Complete step by step answer:
Given, density of kerosene= $0.792{\text{ g/ml}}$
And the composition of kerosene = ${{\text{C}}_{{\text{14}}}}{{\text{H}}_{30}}$
We have to find the mass of oxygen required for every liter of kerosene.
Now we know that $1{\text{ L = 1000 ml}}$
Now, we know the formula of density is given as-
$\Rightarrow$ D=$\dfrac{{\text{m}}}{{\text{v}}}$ where m= mass and V is the volume.
Then on putting the values we get,
$\Rightarrow 0.792 = \dfrac{{\text{m}}}{{1000ml}}$
Then on adjusting, we get-
$\Rightarrow {\text{m}} = 0.792 \times 1000$
On solving, we get-
$\Rightarrow {\text{m}} = 792{\text{ gm/mol}}$
Now we know that moles=$\dfrac{{{\text{given mass}}}}{{{\text{molecular mass}}}}$ -- (i)
For kerosene, we know that the composition is${{\text{C}}_{{\text{14}}}}{{\text{H}}_{30}}$so we can calculate molecular mass.
$\Rightarrow {{\text{C}}_{{\text{14}}}}{{\text{H}}_{30}} = \left( {14 \times 12} \right) + \left( {30 \times 1} \right)$
On solving we get-
Molecular mass=${{\text{C}}_{{\text{14}}}}{{\text{H}}_{30}} = 168 + 30 = 198$
Then on putting the given values in eq. (i) we get-
$\Rightarrow$ Moles of kerosene=$\dfrac{{792}}{{198}}$
On solving, we get-
$\Rightarrow$ Moles of kerosene=$4$
Now when kerosene fuel is burned then following reaction occurs-
${\text{2}}{{\text{C}}_{{\text{14}}}}{{\text{H}}_{30}} + 43{{\text{O}}_2} \to 28{\text{CO + 30}}{{\text{H}}_2}{\text{O}}$
Here $2$ moles of kerosene react with $43$ moles of oxygen
So we can write-
$\Rightarrow 2{\text{ }}$ moles ${{\text{C}}_{{\text{14}}}}{{\text{H}}_{30}}$=$43$ moles ${{\text{O}}_2}$
But we found that the moles of kerosene =$4$
So $4$ moles ${{\text{C}}_{{\text{14}}}}{{\text{H}}_{30}}$=$43 \times 2$ moles of ${{\text{O}}_2}$
Then we get,
$4$ moles ${{\text{C}}_{{\text{14}}}}{{\text{H}}_{30}}$=$86$ moles of ${{\text{O}}_2}$
Now we know the values of moles of oxygen then using eq. (i) we can write-
Mass of oxygen=${\text{moles}} \times {\text{molecular mass}}$
We know that molecular mass of oxygen=$32$
So the required mass of oxygen= $86 \times 32$
On solving we get,
Required mass of oxygen for every liter of kerosene=$2752{\text{ gm}}$
Now we know that $1{\text{ kg = 1000 gm}}$
So $1{\text{ gm = }}\dfrac{{\text{1}}}{{1000}}{\text{kg}}$
Then $2752{\text{ gm}} = \dfrac{{2752}}{{1000}}{\text{kg}}$
On solving we get,
The required mass of oxygen= $2.752{\text{ kg}}$

Hence the correct answer is B.

Note:
Kerosene is a pale yellow or colourless volatile liquid which is a mixture of hydrocarbons.
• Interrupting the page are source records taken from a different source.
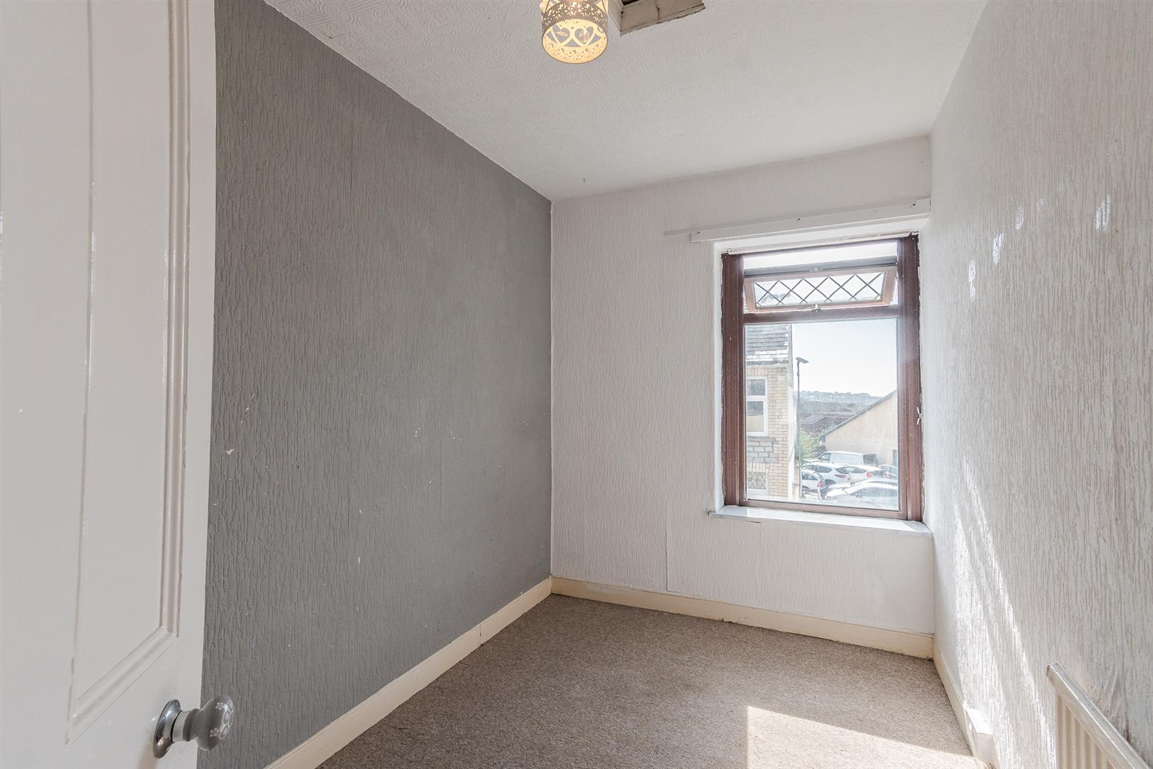 Textured ceiling, papered walls, and fitted carpet. A UPVC double-glazed window faces the front aspect, and the room is equipped with a wall-mounted radiator.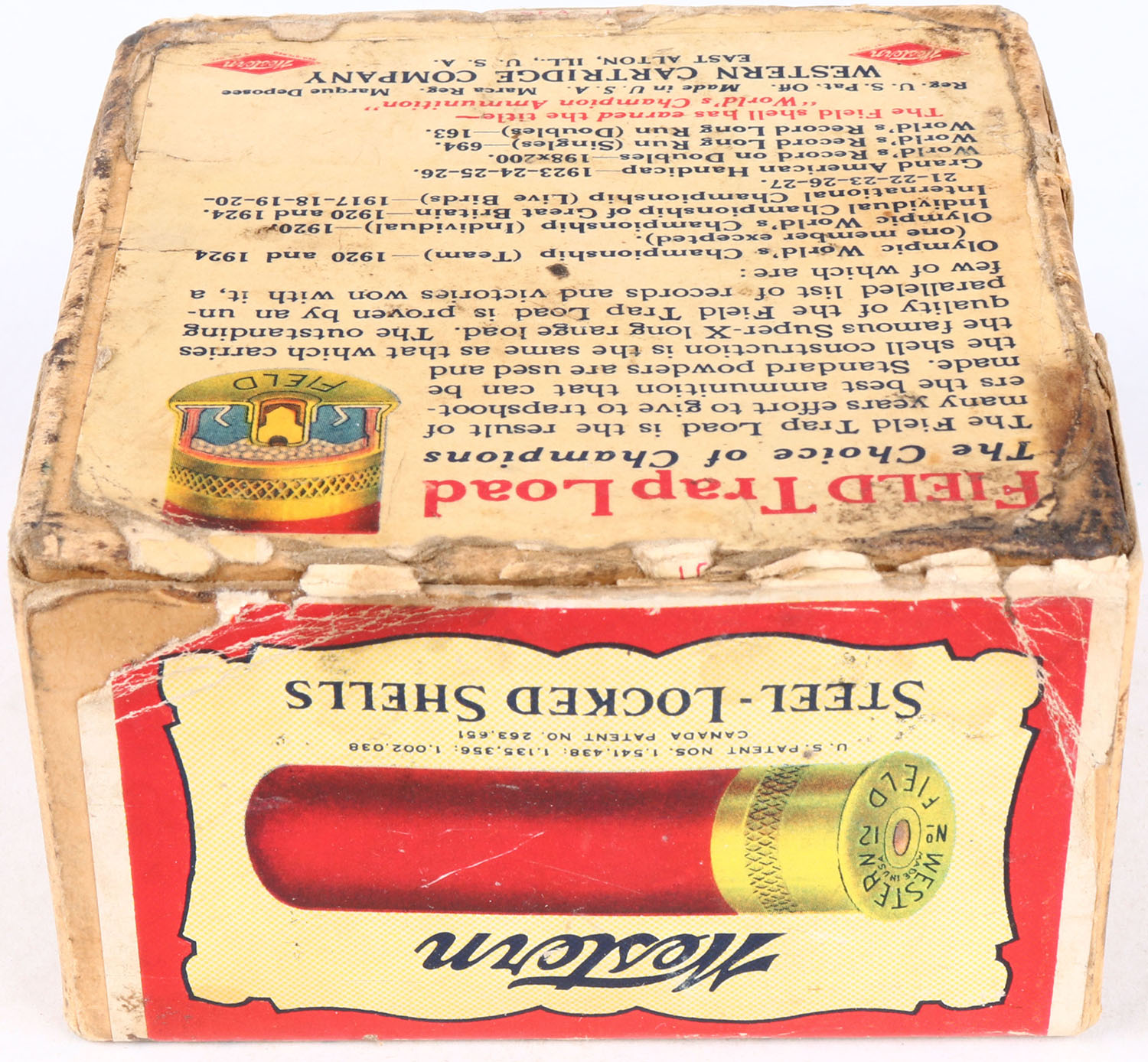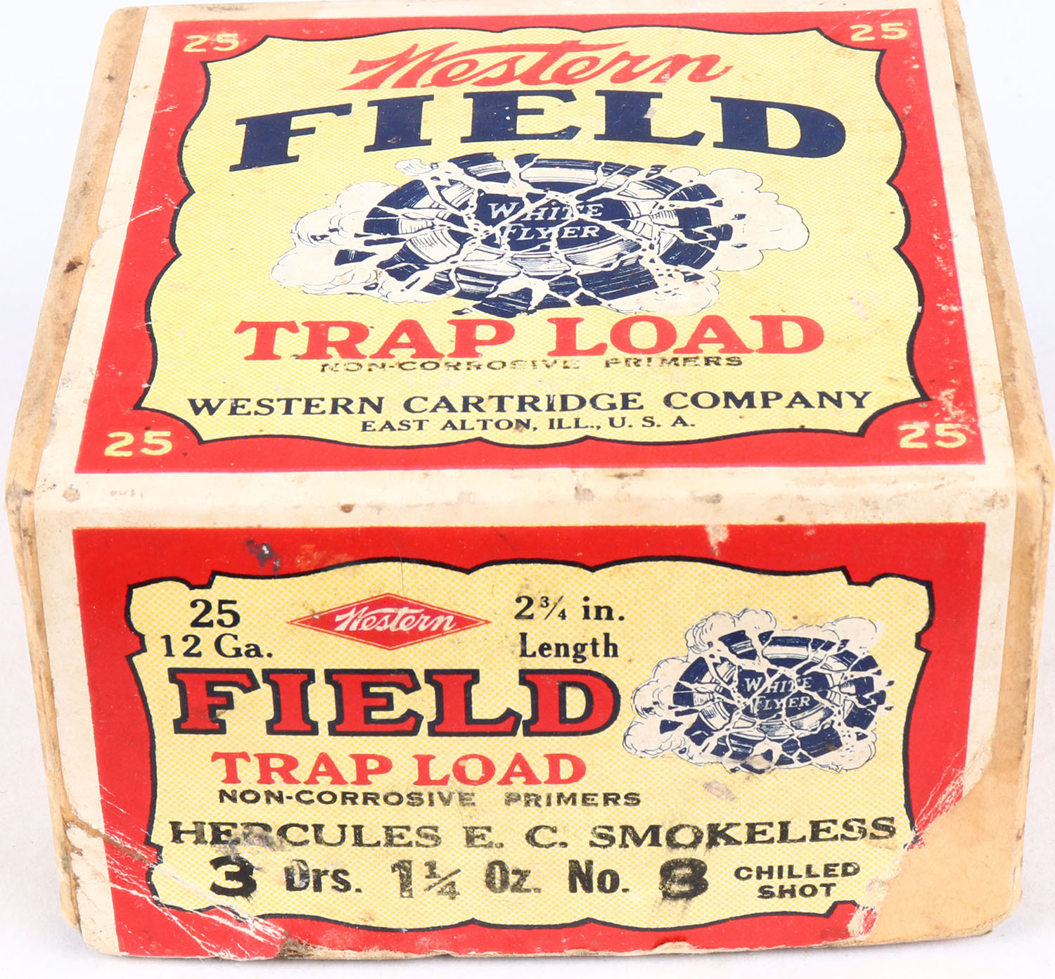 Western, Field Trap Load, 12ga., 2pc, Empty, shot size 8 Chilled, box has clap pigeon shattering, has light age soiling, light edge wear with very good label. Grade: Excellent - Value: 500 to 1200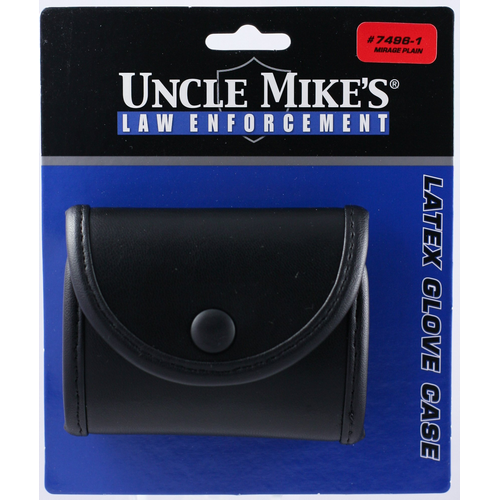 Double pouch with fold up design has two pockets for standard latex gloves Fits belts up to 2 1/4 Made of mirage or nylon, laminated to 1/8 closed cell foam core and knit interior to prevent snagging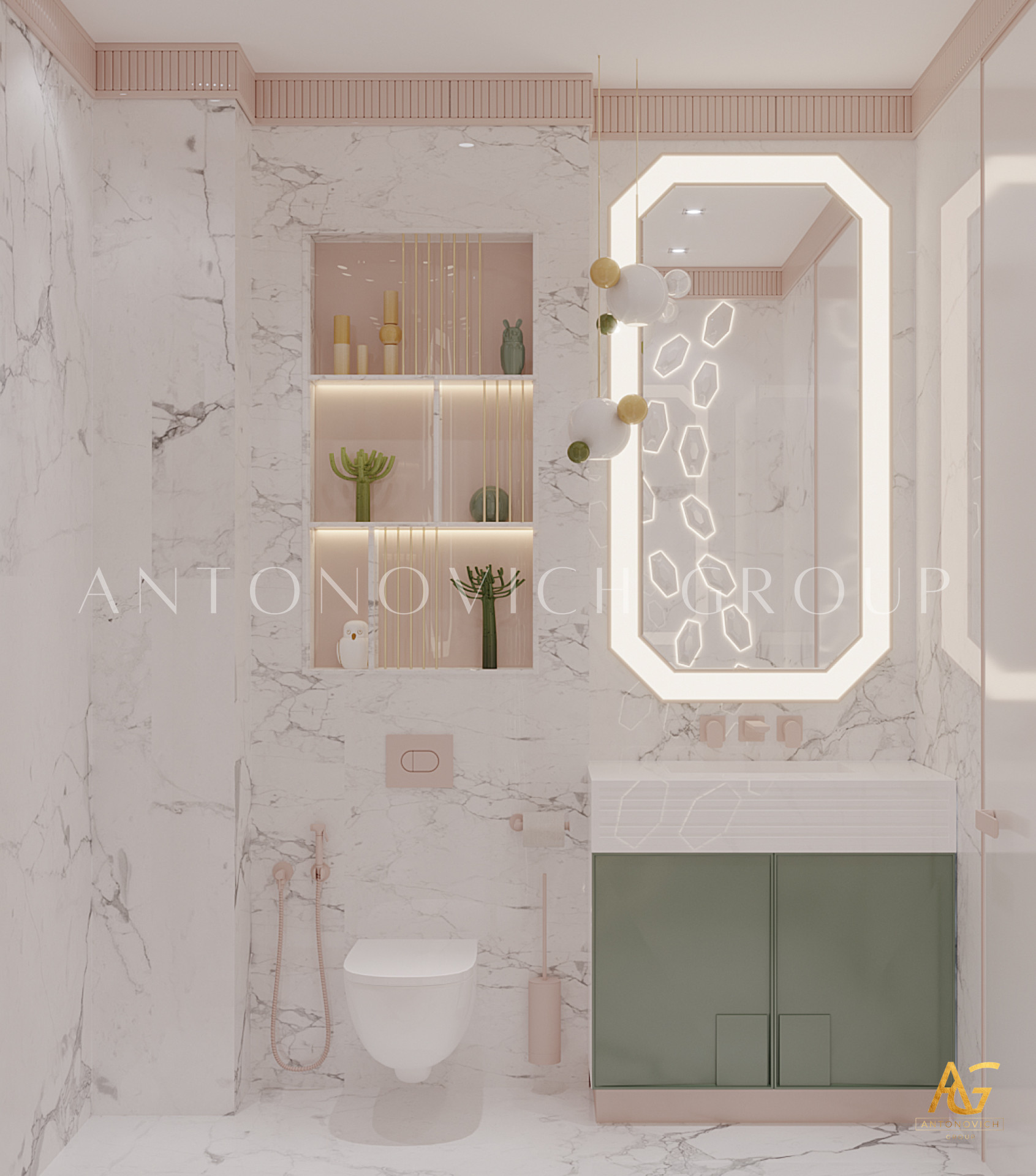 Expressing the mood of the elegant classic in the project of the house, the studio Luxury Antonovich Design designers designed the bathroom interior in the same refined and aristocratic motives. A discreet palette of shades pleasantly pleases eyes tuning to a wave of relaxation and pleasure. A big role in creating a really comfortable space was furniture. Here we proposed a somewhat unconventional option for both bathrooms. High cabinets with glass showcases have become part of the decoration. A natural wood that is painted in a muted beige shade is complemented by exquisite fittings and lighting elements. Interior designers skillfully use motifs of geometric ornaments, which will become a trendy accent of the 2018 season. On the floor, marble tiles in the form of rhombs are stylishly echoed with a vertical pattern of tiles on the walls. Using a combination of contrasting shades and vertical stripes in the decor of the walls, the designers managed to visually increase the height of the space. The smooth smooth surface of the ceiling is complemented with neat ceiling lights. And the most elegant element of the bathroom interior was the window decoration. The window was decorated with a luxurious Roman blind. Ideal waves of noble silk with a bronze tint give the interior a touch of luxurious chic. For practicality, instead of traditional tulle, modern white blinds are offered here. The shower cubicle is decorated inside with a mosaic tile with a pearl luster. The accents of this tile are also present in the decor of the rest of the walls. Every detail, every shade, every arrangement of furniture plays an important role in creating a harmonious and comfortable space. building floor plans, building house plans

Besides being used as rocket fuel, it is used for the following purposes-
-It is used in kerosene lamps and domestic heaters for burning.
-It is also used as a solvent for insecticides and grease.
-It is commonly used in house-holds as a heating and cooking fuel.
-It is also used as a fuel for jets and aviation.